師娘往堂中一站,臉對著秦維翰,眼神冷靜而凜冽,盯得原本表現出不在乎神情的秦維翰,也撐不下去了,心虛的收回了那種吊兒郎當的樣子,恭恭敬敬的站著,眼皮垂了下去,周圍一片靜謐。

師娘突然微微一笑,開口了:“我想請問一下三少爺,當初為什麽要認定我們舒苓為結發妻子?”

秦維翰一直吊著的心,想象著一萬種可能,都是被對方兇猛的責問,沒想到會是這樣輕松一個話題,又不知道她問的本意,一時竟不知道怎麽對答,只得吞吞吐吐的說:“因,因為喜歡啊!”

“那麽——”師娘一直盯著秦維翰:“你喜歡她什麽?”

秦維翰一時語塞,支支吾吾了半日才說:“她很美。”

師娘鼻子了哼了一聲,冷笑道:“那麽現在是因為你覺得她不美了,是不是就後悔了。”

一句話說中了秦維翰的心事,他開始流冷汗,說:“沒,沒有啊。”

師娘很平淡的聲音娓娓道來:“如果不是後悔了,你怎麽舍得把你費盡心力娶來的新娘打成這樣?”
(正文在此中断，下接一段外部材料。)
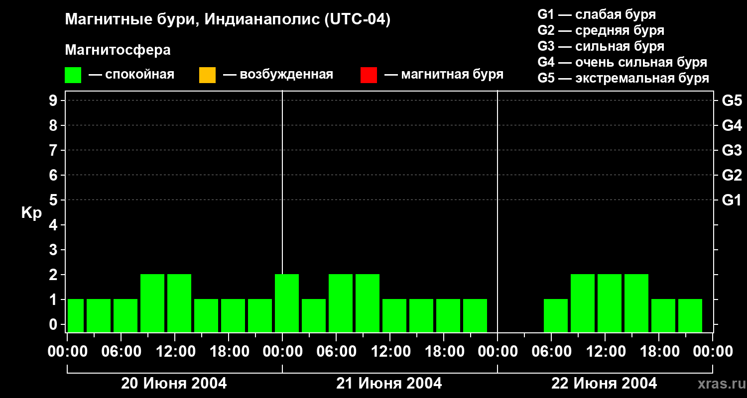 Изменения геомагнитного индекса Kp с 20 по 22 июня 2004 года для средних широт
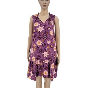 Sonoma Purple Floral Linen Blend Summer Midi Dress Women's Small
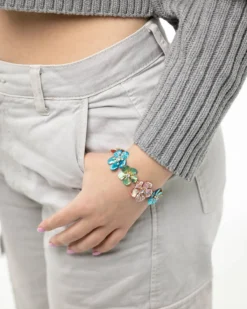 Das Armband – Black Silver hat eine schwarze Beschichtung und ist mit rechteckigen Strasssteinen verziert, welche silberfarben schimmern. Das Armband ist dehnbar, weshalb es jedem individuell passt.
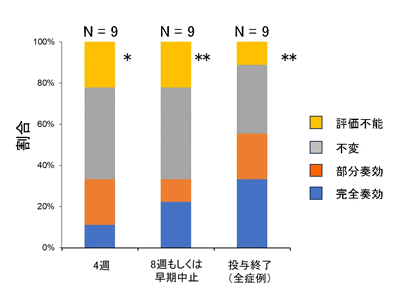 治療の効果は、疾患活動性(発熱、肝障害、ぶどう膜炎、血管炎、皮膚病変)がすべて消失した場合を「完全奏効」、一部の症状が消失し、さらに新しい症状が現れなかった場合を「部分奏効」、新たな症状が出現した場合を「進行」として評価した。ルキソリチニブを服用後、8週間後、または早期終了した患者で効果を評価した(主評価項目)。主評価項目における完全奏効率は22%(9人中2人)だった。4週目時点での完全奏効率は11%(9人中1人)だった。延長投与を行った患者も含めると、治療終了時の完全奏効率は30%(9人中3人)となった。
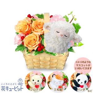 【結婚記念日】花キューピット 夫婦 祖父母 一周年 花婚式 銀婚式 金婚式 ギフト プレゼント オレンジバラのマスコット付きウッドバスケット
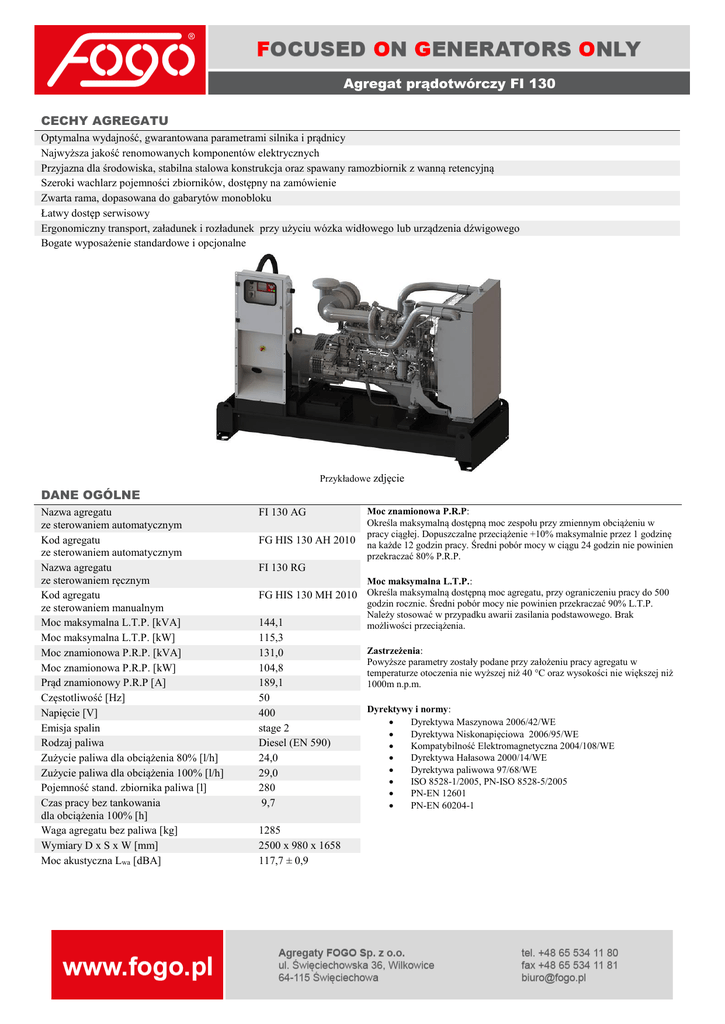 Agregat prądotwórczy FI 130 - Agregaty Prądotwórcze Fogo
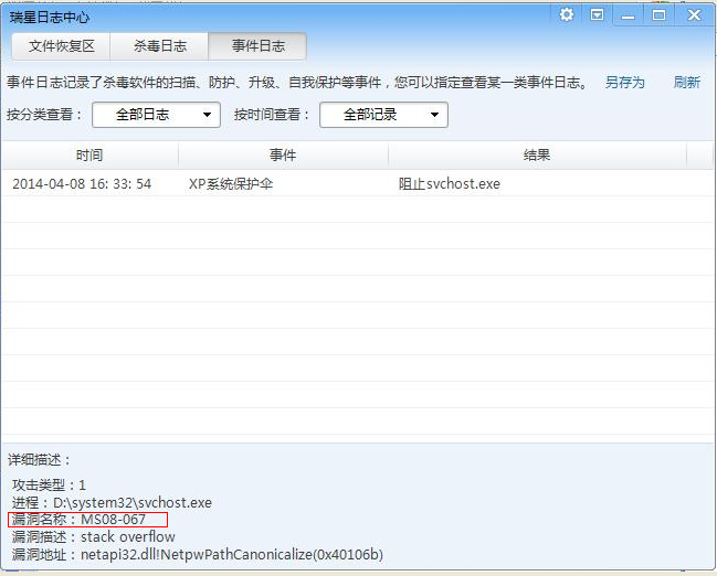 下述為瑞星殺毒軟件XP保護(hù)傘阻擋MS08-067病毒對(duì)沒有安裝微軟補(bǔ)丁的XP系統(tǒng)的保護(hù)。

秦維翰感到冷汗淋淋的冒,竟一句話說不出來,一碰到師娘那看似平靜卻犀利的眼神就不敢看了,只得幹站著。周圍的人也都怒氣沖沖的盯著他,這種場面太難堪了,秦維翰雙手相互絞著,一會兒就感到手心黏糊糊的。

何媽笑著打破了僵局:“我們三少爺啊,是喜歡三少奶奶的緊,當日了對我們老太太,老爺、太太面前都發了誓的,非三少奶奶不娶,這是我們上上下下都知道的事。至於打少奶奶這件事,確實是我們少爺的錯,這個昨天我們太太昨天已經狠狠批評了我們三少爺。他年少不懂事,喜歡三少奶奶,卻不懂得怎麽去愛惜三少奶奶,為一點點子事,就動了手,下手又沒個輕重,犯下這麽大的錯。不過,我是看著三少爺長大的,了解他的為人,請親家放心,這種事不會再發生了,我們都會看著他的,要他好好敬重三少奶奶。”
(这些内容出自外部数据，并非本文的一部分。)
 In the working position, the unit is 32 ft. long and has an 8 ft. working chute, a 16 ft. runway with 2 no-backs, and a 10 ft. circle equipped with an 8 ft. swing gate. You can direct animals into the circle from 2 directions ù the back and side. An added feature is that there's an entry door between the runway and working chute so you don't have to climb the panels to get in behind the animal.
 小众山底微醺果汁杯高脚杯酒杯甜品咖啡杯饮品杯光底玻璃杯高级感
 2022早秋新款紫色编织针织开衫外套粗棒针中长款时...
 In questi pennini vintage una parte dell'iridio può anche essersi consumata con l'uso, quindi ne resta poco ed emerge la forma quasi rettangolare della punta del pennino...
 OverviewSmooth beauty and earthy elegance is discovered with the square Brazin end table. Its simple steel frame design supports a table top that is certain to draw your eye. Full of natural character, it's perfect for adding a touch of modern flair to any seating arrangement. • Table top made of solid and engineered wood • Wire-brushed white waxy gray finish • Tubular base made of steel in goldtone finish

師娘冷笑一聲,說:“如果三少爺真的後悔了,就請寫封休書,我們把聘禮如數歸還,三少爺也好另尋良配。秦家一向以仁義著稱,娶回去的新娘子,不能善待,我們舒苓過的不幸福,三少爺未必就能活的快樂。不如一別兩歡,各生歡喜,省的彼此連累。我們唐家班雖然經濟吃緊,但養舒苓還是養得起的。”

秦維翰張了張嘴,正要說話,何媽擋到前面說:“親家這是哪裏話?哪有剛娶進門的新媳婦就要寫休書的理?小兩口年輕氣盛鬧矛盾下重手是有錯,但要這麽做了豈不是拿婚姻當兒戲?如何使得?”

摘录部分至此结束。